Затем я увидел, как мы садимся в машину и мчим по улицам Лондона, все глубже и глубже погружаясь в городскую суету. За окном мелькали здания, фонари, прохожие, все они смешивались в калейдоскоп, оставаясь лишь неясными пятнами. И вот, машина остановилась около двухэтажного особняка, стоящего в тихом переулке. Рядом с домом уже ждала женщина лет пятидесяти на вид, с редкой проседью в волосах, которые были такого же рыжего оттенка, как у Гарриет. Это была Фло Бёттхер. Ее лицо я тоже не мог вспомнить, оно ускользало от меня, как песок сквозь пальцы. Но ощущения, которые она вызывала, были очень сильными, резкими. Интуиция подсказывала мне, что эта женщина та еще неискренняя, коварная особа, и нам придется ее терпеть, стиснув зубы.

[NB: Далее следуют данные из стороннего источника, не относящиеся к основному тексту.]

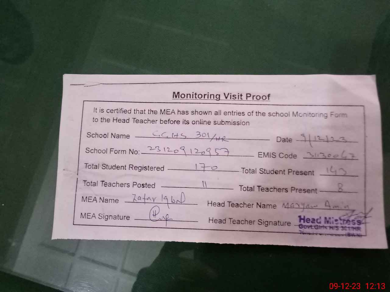 | Attendance Register | Head Teacher | MEA with School | Visit Proof |

Внутри особняка оказалось слишком чисто, неестественно стерильно, как в дорогом отеле. Персонал сновал туда-сюда, как муравьи в муравейнике. Идешь - они за тобой подметают, садишься - протирают за тобой стулья. Все это навязчивое внимание, эта чрезмерная опрятность заставляли чувствовать себя ущербным, больным, словно чахоточным. Я чувствовал себя неловко, как будто был грязным пятном на идеально выбеленной скатерти, словно я не достоин этого дома, не достоин этого внимания. Все это вызывало лишь раздражение и неприязнь.

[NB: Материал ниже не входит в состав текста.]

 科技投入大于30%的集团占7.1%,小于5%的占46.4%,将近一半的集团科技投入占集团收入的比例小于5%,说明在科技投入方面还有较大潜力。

Фло, словно заведенная кукла, начала изливать свои речи, распыляясь о том, как несчастна была ее бедняжка Гарриет, росшая без материнской ласки. Она, с напускным сочувствием, рассказывала, как та не видела никогда хорошего общества, и с показной решимостью грозилась, что ее любимая племянница будет блистать на самых лучших, самых изысканных викторианских вечерах. Ее слова звучали фальшиво, приторно, словно патока, которой пытаются замазать дыры. Моего мнения, естественно, никто не спрашивал, да и не собирался спрашивать. Я был лишь приложением к Гарриет, ее блеклой тенью. "Жена", как я ее мысленно называл, лишь мельком взглянула на меня, с какой-то непонятной, ускользающей эмоцией, после чего покорно согласилась со всем, что вещала тетка. Ее покорность меня раздражала.

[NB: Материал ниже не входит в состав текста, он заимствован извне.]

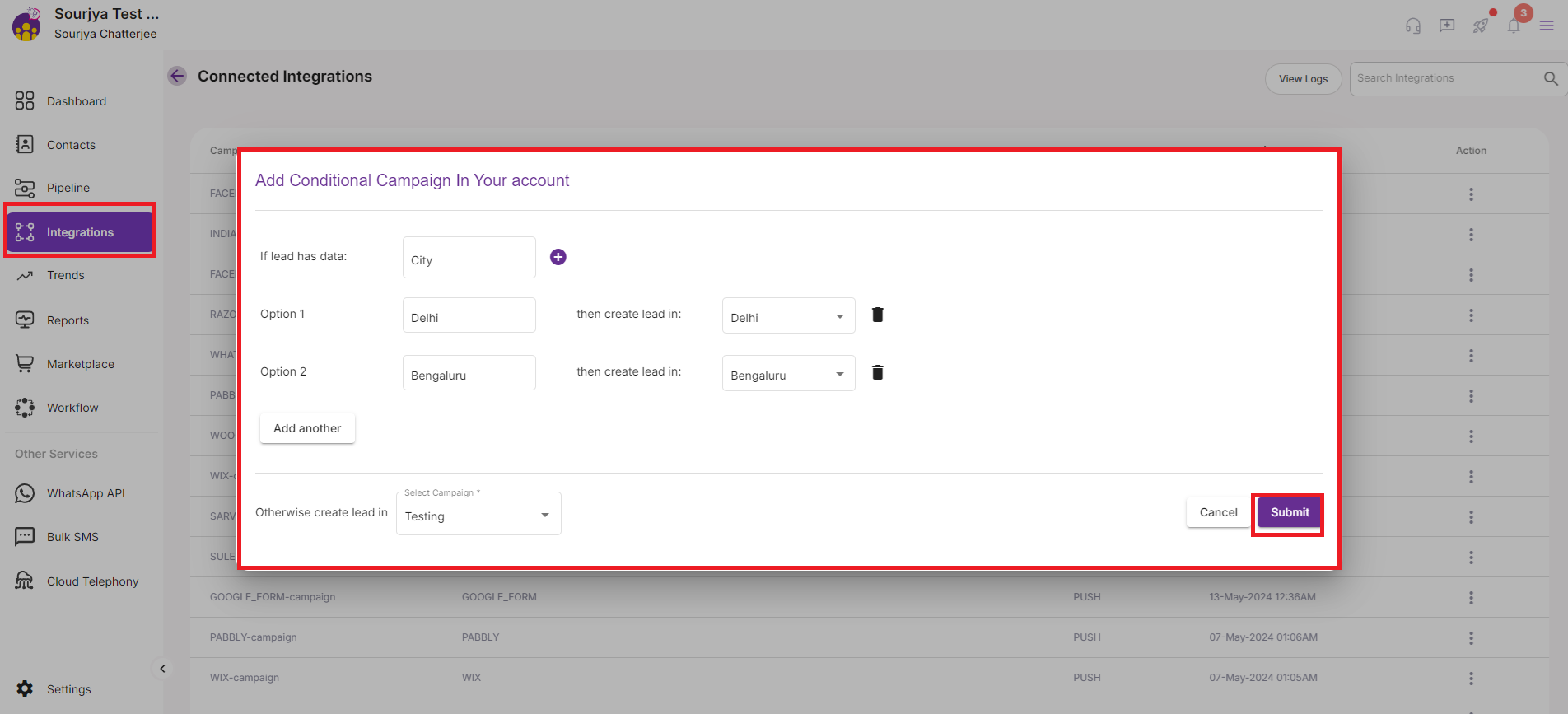 Set the conditions here on this page for segregation of the leads according to the details coming from Facebook.

Уже перед сном, в уединении комнаты, я задал ей вопрос, который не давал мне покоя, собирается ли она продолжать помогать мне с устранением Юзефа. Она замялась, мямлила что-то невнятное, как провинившаяся гимназистка. Я давил на нее, применяя мерзкую манипуляцию, от которой самому становилось тошно. Говорил, что если она не будет помогать, то я просто исчезну из ее жизни, и все ее мечты и надежды рухнут, как карточный домик. Она, сломленная моим напором, вновь согласилась, как всегда, покорно, безропотно. Эта ее пассивность вызывала во мне смесь раздражения и жалости.

И снова какая-то неведомая сила заставила меня открыть глаза, вырвав из сна. Но меня снова встретила лишь непроницаемая, давящая темнота, которая, казалось, поглощала меня целиком. Я уперся ногами в жесткие доски, но тут же размяк, словно труп, который пролежал на жаре несколько дней. Все тело было слабым, немощным. Я понимал, что нужны силы, нужно собрать волю в кулак, чтобы выбить эту чертову доску, чтобы вырваться из этого ужаса. Но где их взять? Где взять силы на борьбу? Казалось, они утекли, оставив меня ни с чем, наедине со страхом и безнадежностью.

И снова, словно бегство от реальности, я погрузился в грёзы воспоминаний. Что еще оставалось делать в этом темном, тесном пространстве, кроме как цепляться за обрывки прошлого? Они были единственным, что не позволяло мне окончательно сойти с ума, единственным, что связывало меня с жизнью.

Тем временем, в особняке Фло, вечера сменялись вечерами, сливаясь в бесконечный калейдоскоп шумных сборищ. Постоянный поток гостей, казалось, будто она знала всю английскую знать, каждый вечер ее дом был переполнен людьми, одетыми в роскошные наряды, громко смеющимися и разговаривающими на непонятные мне темы. В этом гвалте и шуме толпы постоянно слышался ее громкий, писклявый голос, который, как назойливый комар, жужжал у самого уха. Из-за этой особой манеры говорить, ее было легко расслышать даже сквозь общий гул. А она, словно павлин, распускающий свои перья, не переставала хвастаться. Хвасталась всем, чем только можно было хвастаться, от новых стульев, изготовленных лучшими в мире мебельщиками, до платьев Гарриет, которые были настолько роскошными, что ни у одной королевской особы не было ничего подобного. Ее хвастовство было не только утомительным, но и надоедливым, как постоянный скрежет мела по доске.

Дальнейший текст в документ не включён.